Como último reclamo, la recurrente, en relación al tractor Valtra, denuncia que se vulneró los arts. 220 inc. c ), 326 y 339 inc. c) del CFPF, pues acusa que el Tribunal de alzada considera como prueba única, determinante y excluyente, para acreditar la existencia de un bien y su ganancialidad, al registro RUAT, cuando en el caso de autos existe confesión espontanea del demandado respecto a la existencia de dicho bien mueble.

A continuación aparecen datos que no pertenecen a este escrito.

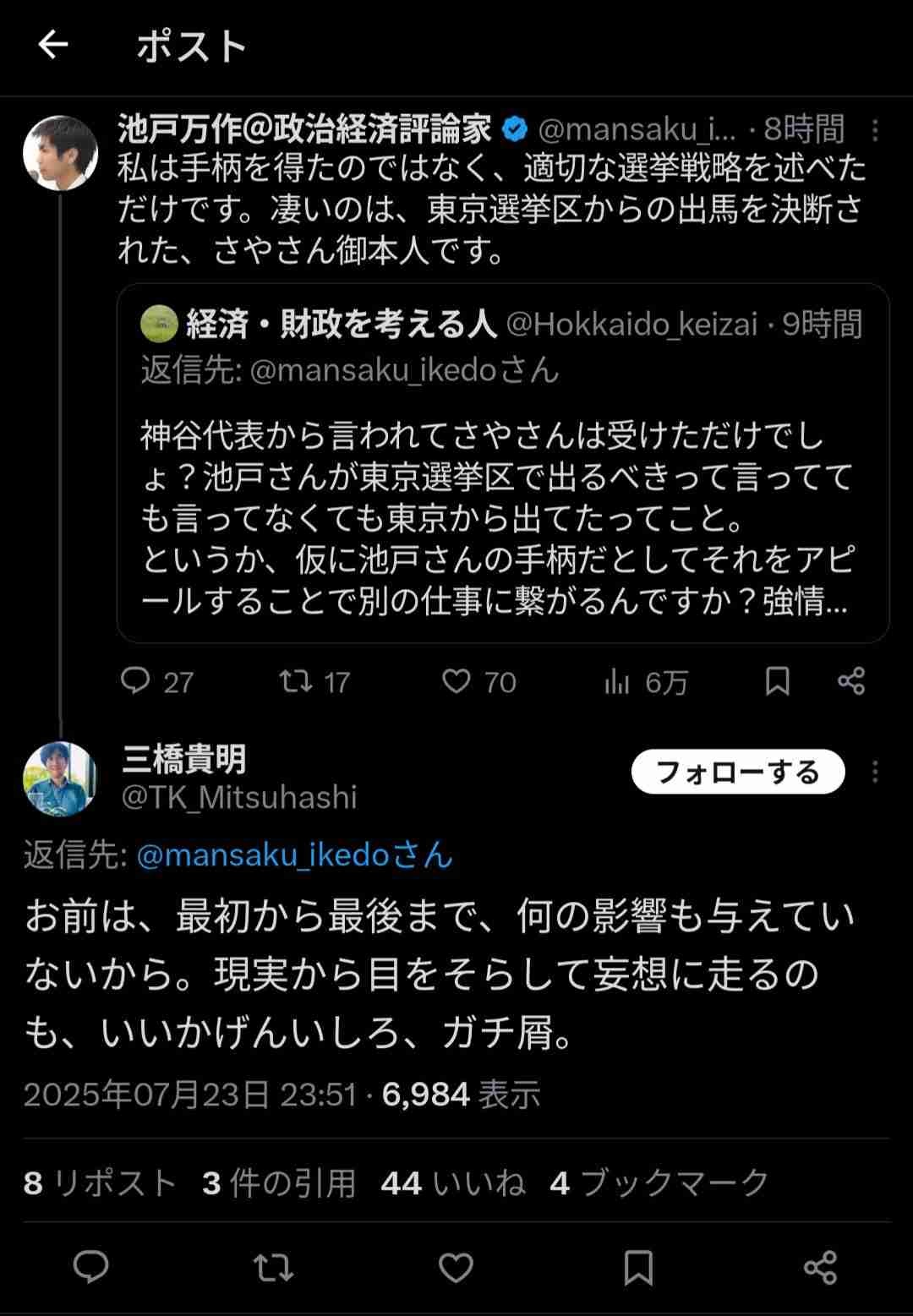 三橋って知識人ぶるけどこの煽りレベルはねらーのそれだよな

En lo que concierte a este reclamo corresponde señalar que al ser el tractor Valtra un bien mueble sujeto a registro, conforme lo señalan los arts. 8 y 19 del Reglamento de Tránsito, así como el art 121 del Código de Tránsito D.S. 24604 modificado por el D.S. 27665 de 10 de agosto de 2004, no es posible suplir el título que acredita el dominio sobre la cosa a través de la confesión espontanea, pues este último medio probatorio no se constituye en prueba idónea que demuestre la existencia y menos la ganancialidad de un motorizado, ya que sobre esta clase de motorizados, expresamente el art. 134 del Código de Tránsito establece: “El registro es la inscripción oficial y obligatoria de los datos acerca de las personas y de los vehículos con fines de identificación, responsabilidad y estadísticas” y como dentro de los motorizados a ser registrados se encuentran los de equipo pesado, tal como lo establece el art. 19 del Reglamento de Tránsito, es que se infiere que la parte actora, ahora recurrente, debió acreditar la existencia del tractor con prueba documental idónea y de esta manera acreditar los hechos constitutivos de su pretensión, por lo tanto, el reclamo aludido en este numeral, deviene en infundado.